## WORKING DATA
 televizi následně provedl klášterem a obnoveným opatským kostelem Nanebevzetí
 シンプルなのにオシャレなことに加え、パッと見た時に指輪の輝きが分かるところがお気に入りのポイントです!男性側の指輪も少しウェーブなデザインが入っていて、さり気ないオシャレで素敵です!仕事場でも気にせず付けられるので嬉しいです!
* * *
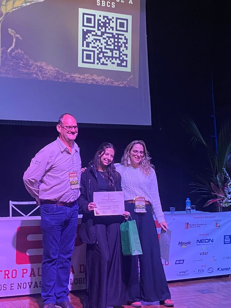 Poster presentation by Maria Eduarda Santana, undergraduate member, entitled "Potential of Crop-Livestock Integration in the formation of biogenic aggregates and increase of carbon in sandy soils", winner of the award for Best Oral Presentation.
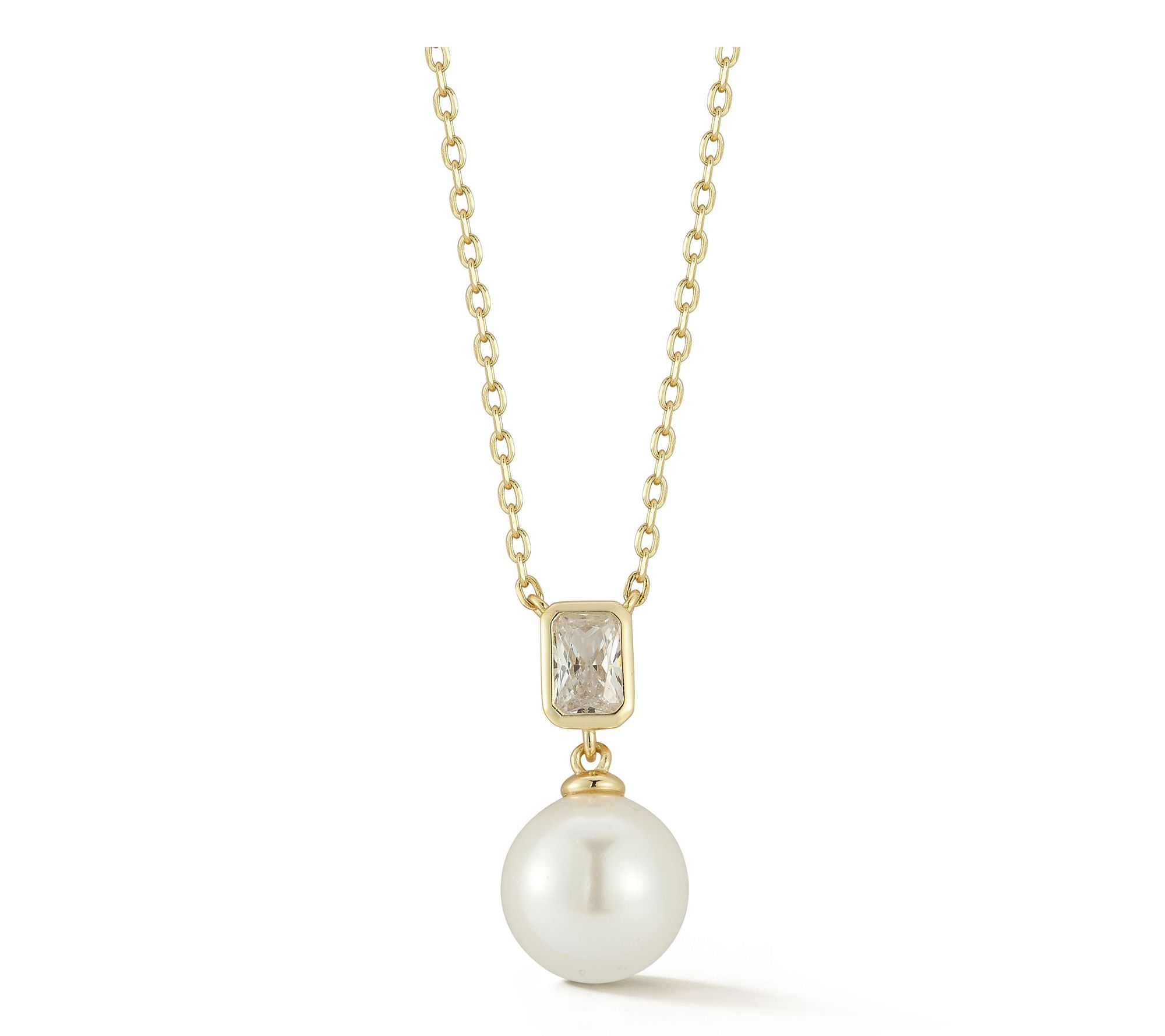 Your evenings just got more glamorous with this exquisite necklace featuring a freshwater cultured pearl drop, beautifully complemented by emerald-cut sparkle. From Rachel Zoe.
--
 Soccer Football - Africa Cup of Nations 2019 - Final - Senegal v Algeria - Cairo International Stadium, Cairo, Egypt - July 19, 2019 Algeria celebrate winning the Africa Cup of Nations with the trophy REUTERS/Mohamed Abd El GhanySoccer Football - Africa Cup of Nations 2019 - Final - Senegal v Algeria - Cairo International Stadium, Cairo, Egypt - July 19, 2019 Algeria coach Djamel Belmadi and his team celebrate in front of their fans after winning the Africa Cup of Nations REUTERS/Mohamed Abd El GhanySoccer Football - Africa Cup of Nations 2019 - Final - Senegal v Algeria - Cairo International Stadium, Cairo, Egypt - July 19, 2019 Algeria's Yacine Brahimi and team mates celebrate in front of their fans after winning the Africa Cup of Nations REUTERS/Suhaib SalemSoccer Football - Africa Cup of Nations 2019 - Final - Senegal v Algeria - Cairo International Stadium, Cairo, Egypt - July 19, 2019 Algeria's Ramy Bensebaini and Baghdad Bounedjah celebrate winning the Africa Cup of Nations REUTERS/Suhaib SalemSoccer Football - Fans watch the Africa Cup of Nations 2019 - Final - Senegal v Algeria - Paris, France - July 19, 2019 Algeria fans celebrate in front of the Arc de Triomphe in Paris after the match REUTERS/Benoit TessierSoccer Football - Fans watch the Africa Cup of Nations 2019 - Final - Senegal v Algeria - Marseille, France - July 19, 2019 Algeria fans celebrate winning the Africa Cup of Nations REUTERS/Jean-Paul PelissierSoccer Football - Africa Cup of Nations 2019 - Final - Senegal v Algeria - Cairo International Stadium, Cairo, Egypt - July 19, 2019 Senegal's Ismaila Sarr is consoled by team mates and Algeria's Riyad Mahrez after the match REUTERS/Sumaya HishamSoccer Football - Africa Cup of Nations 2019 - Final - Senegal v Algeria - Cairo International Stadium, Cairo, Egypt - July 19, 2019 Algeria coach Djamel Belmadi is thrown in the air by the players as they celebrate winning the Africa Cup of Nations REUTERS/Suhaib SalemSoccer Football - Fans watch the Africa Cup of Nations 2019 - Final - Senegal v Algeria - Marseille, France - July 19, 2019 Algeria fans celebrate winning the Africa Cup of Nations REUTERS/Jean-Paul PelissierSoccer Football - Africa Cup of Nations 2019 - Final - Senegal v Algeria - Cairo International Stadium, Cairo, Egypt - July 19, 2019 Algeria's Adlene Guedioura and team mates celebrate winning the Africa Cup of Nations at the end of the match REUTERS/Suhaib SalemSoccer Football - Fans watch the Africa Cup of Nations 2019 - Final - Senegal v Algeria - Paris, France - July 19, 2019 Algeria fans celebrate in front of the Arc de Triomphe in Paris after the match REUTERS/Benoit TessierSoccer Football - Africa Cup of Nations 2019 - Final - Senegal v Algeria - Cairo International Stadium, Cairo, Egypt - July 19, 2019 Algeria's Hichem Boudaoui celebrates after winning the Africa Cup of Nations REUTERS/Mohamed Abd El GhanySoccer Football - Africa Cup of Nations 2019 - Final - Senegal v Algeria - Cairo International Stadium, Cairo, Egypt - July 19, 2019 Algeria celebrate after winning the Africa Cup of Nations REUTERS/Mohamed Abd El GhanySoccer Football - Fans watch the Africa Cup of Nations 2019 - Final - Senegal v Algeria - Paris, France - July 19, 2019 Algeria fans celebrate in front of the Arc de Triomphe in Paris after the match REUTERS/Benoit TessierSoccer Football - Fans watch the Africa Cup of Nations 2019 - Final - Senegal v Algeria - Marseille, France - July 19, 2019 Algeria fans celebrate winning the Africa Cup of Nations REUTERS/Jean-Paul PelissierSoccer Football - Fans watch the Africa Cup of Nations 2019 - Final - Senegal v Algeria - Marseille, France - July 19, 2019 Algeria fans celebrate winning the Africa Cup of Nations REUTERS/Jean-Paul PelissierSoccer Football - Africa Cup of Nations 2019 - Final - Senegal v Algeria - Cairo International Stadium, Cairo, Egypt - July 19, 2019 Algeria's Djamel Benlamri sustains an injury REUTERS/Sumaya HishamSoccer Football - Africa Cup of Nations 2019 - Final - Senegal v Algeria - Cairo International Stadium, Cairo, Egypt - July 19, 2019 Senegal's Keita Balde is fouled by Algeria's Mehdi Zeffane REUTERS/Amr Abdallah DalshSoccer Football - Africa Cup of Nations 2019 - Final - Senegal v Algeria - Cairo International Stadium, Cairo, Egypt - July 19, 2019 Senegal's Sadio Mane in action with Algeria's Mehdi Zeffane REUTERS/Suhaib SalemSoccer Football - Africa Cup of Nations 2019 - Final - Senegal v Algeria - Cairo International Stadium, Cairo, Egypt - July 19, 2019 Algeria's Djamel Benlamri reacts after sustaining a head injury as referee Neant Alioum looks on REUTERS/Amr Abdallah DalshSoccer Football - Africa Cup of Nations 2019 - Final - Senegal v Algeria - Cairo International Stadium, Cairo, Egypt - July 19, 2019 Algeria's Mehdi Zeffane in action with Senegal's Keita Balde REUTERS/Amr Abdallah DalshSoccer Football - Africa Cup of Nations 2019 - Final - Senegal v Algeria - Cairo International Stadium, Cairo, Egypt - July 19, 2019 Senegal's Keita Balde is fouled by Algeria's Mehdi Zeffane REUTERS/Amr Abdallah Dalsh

## WORK TO COMPLETE
Your answer should consist solely of the lines above from the line with "televizi následně provedl" to the line with "シンプルなのにオシャレなこと", both included, reproduced exactly.

## WORKED SOLUTION
 televizi následně provedl klášterem a obnoveným opatským kostelem Nanebevzetí
 シンプルなのにオシャレなことに加え、パッと見た時に指輪の輝きが分かるところがお気に入りのポイントです!男性側の指輪も少しウェーブなデザインが入っていて、さり気ないオシャレで素敵です!仕事場でも気にせず付けられるので嬉しいです!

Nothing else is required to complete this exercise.